START SOURCE MATERIAL
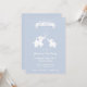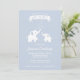 Um elefante-mãe e bebê são super fofos em branco contra um fundo pastel de cinza azul. O grande elefante tem um chá de água e corações vindo de seu porta-malas para um chá de fraldas! Perfeito para um chá de fraldas moderno e neutro. Você pode até mudar a cor do plano de fundo para o que quiser, clicando no botão "Personalizar!".
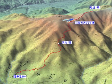 蓮華温泉駐車場 5:20 ⇒ 7:45 天狗ノ庭 8:05 ⇒ 9:40 白馬大池テント場 10:40 ⇒ 12:15 船越ノ頭 13:00 ⇒ 白馬大池テント場 14:00
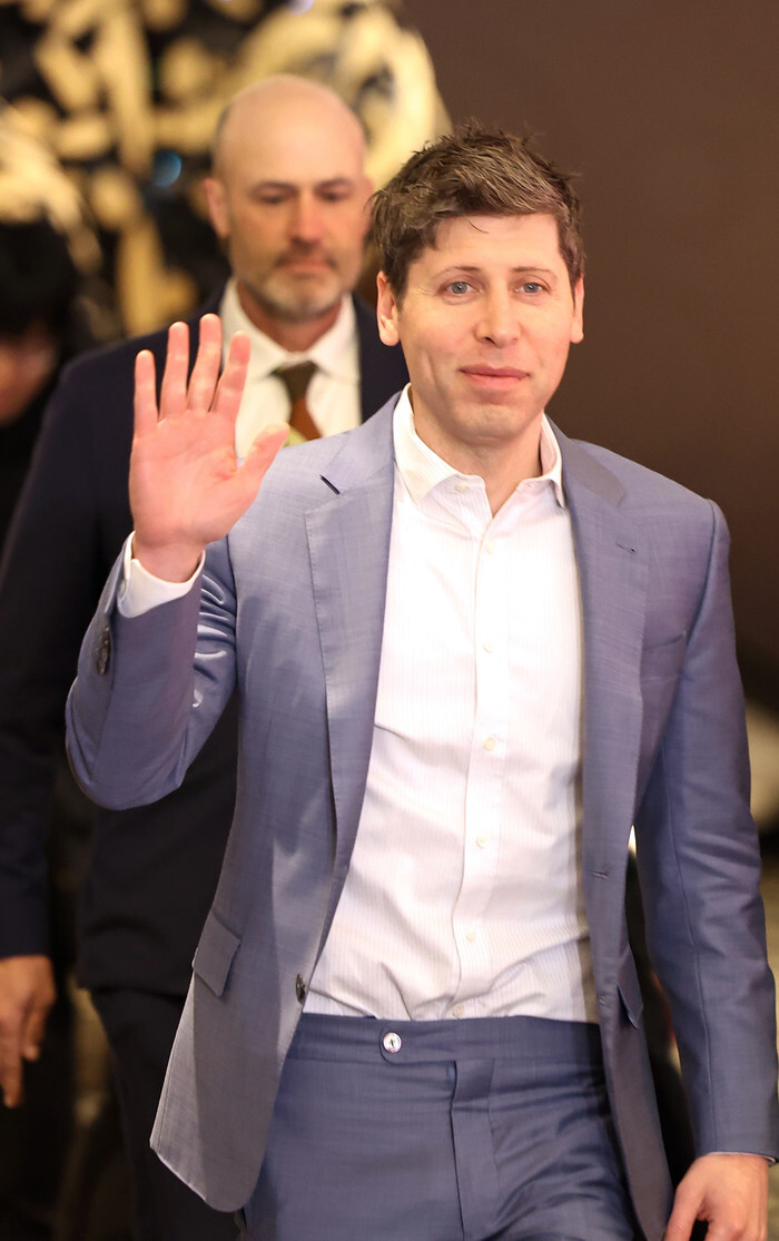 OpenAI CEO Sam Altman arrives for a press conference with South Korean tech giant Kakao Corp. at a Seoul hotel on Feb. 4, 2025. Kakao announced a partnership with OpenAI to use ChatGPT in its new artificial intelligence service, joining a global alliance led by the U.S. AI company amid intensifying competition in the global AI market. (Yonhap)
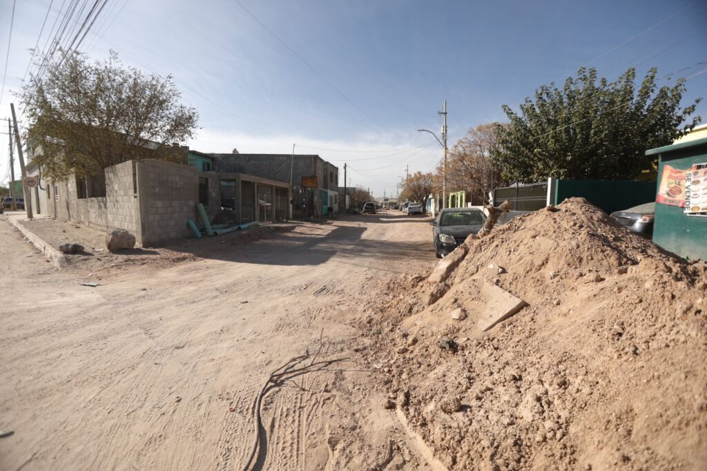 CD. JUAREZ, CHIH.- Como parte del Programa de Mejoramiento de Vialidades, la Dirección General de Obras Públicas, trabaja en la pavimentación de la calle Concepción Álvarez en la colonia Profesora María Martínez, en lo cual se lleva un avance del 30 por ciento.
END SOURCE MATERIAL
__WHAT THIS TASK INVOLVES__. Make an exact copy of the listing above. Do not include the pictures.

__EXERCISE RESPONSE__.
 Um elefante-mãe e bebê são super fofos em branco contra um fundo pastel de cinza azul. O grande elefante tem um chá de água e corações vindo de seu porta-malas para um chá de fraldas! Perfeito para um chá de fraldas moderno e neutro. Você pode até mudar a cor do plano de fundo para o que quiser, clicando no botão "Personalizar!".
 蓮華温泉駐車場 5:20 ⇒ 7:45 天狗ノ庭 8:05 ⇒ 9:40 白馬大池テント場 10:40 ⇒ 12:15 船越ノ頭 13:00 ⇒ 白馬大池テント場 14:00
 OpenAI CEO Sam Altman arrives for a press conference with South Korean tech giant Kakao Corp. at a Seoul hotel on Feb. 4, 2025. Kakao announced a partnership with OpenAI to use ChatGPT in its new artificial intelligence service, joining a global alliance led by the U.S. AI company amid intensifying competition in the global AI market. (Yonhap)
 CD. JUAREZ, CHIH.- Como parte del Programa de Mejoramiento de Vialidades, la Dirección General de Obras Públicas, trabaja en la pavimentación de la calle Concepción Álvarez en la colonia Profesora María Martínez, en lo cual se lleva un avance del 30 por ciento.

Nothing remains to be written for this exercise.